他家圆圆,正以一个极其高难度的姿势,撅著屁股,小脸涨得通红,舌头……结结实实地粘在冰冷的大铁门上。
眼泪鼻涕糊了一脸,哭得上气不接下气。
“呜……小苏苏……救……救窝……”
顾予看著那粘在铁门上的粉嫩小舌头,再看看哭得快要抽过去的小傢伙,脑子里一片空白。
这……这可咋整?
紧隨其后的是踉踉蹌蹌跑出来的陈今安。
“圆圆!”
陈今安看到儿子这副模样,就要把孩子抱起来。
一道急喝,从他身后传来。“別动他。

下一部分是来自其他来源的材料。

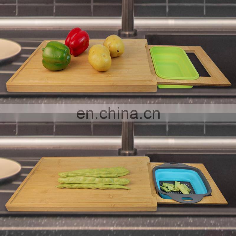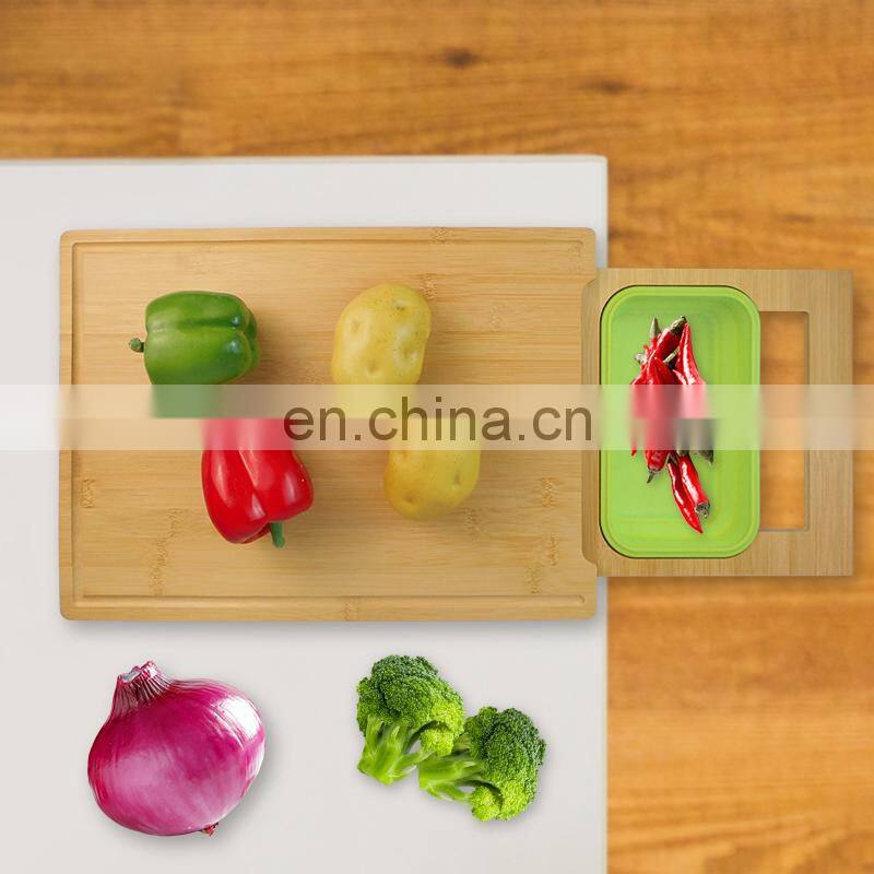 Bamboo Wooden Chopping Board Cutting With Sliding Stainless Steel Tray

”
是宋时在狐狸的搀扶下到了。
宋时看著哭得直打嗝的小傢伙,心疼得揪紧。
但是作为现场唯一一个,干过这件蠢事的有经验的人,强行让自己冷静下来。
“陈博士,扶著他,別让他乱动,千万別硬扯。”
“小予。”
“去端一碗温水过来。”
陈今安依言,小心翼翼地扶住儿子还在抽噎的身体。“圆圆,別怕,爸爸们都在……”
宋时放柔了声音,俯下身,视线与圆圆齐平。
“圆圆,听话,不哭了。”
“看著爸爸的嘴。”
宋时张开嘴,对著冰冷的铁门,哈出一团白色的雾气。
“像这样,哈气,对著铁门哈气,让它变暖和。”
圆圆抽抽搭搭地看著,学著宋时的样子,鼓起腮帮子。
“呼……呼……”
温热的气息,一次次拂过冰冷的铁艺门。
顾予端著一碗水,又像一阵风似的颳了回来,稳稳地停在宋时身边。
“哥,水来了。”
“扶好他。”
宋时接过碗,用手指试了试水温,正好。
他將温水,顺著铁门和舌头粘连的地方,一点一点,极有耐心地,缓缓地往下浇。
粘住的舌头,终於鬆动了。
“爸爸看看。”宋时让圆圆张开嘴。
还好,只是有点红,没有破皮出血。
回到屋里。“圆圆,告诉爸爸,为什么要舔铁门?”
陈今安后怕过后,开始追究原因。
圆圆窝在陈今安怀里,惊魂未定。
“二狗子……他舔了,嘴巴就红红的,肿了。”
小傢伙说著,又把视线转向宋时和顾予,那双清澈的大眼睛里,充满了纯粹的好奇与困惑。
“就跟爸爸和小叔叔早上一样。”
“嘴巴都红红的,还破了皮。”
空气,瞬间凝固。
“我就想尝尝……”
“铁门……是不是甜的?”
“为什么?大人和小孩子都喜欢舔?”
话音落下。
院子里,陷入了一片死一般的寂静。
宋时……
顾予……
狐狸……
陈今安看看宋时嘴角那个还没完全癒合的小口子,又看看已经恢復了的顾予,再看看自己儿子。
一个匪夷所思的等式,在他这位大科学家的脑海里,缓缓形成。
嘴唇红肿破皮=舔铁门
所以……
宋队长和顾予同志早上……偷偷舔铁门了?
为什么?
难道……铁门里,含有某种他们身体必需的,但又羞於启齿的微量元素?
宋时坐在轮椅里,面无表情,耳朵却以一种肉眼可见的速度,开始变红……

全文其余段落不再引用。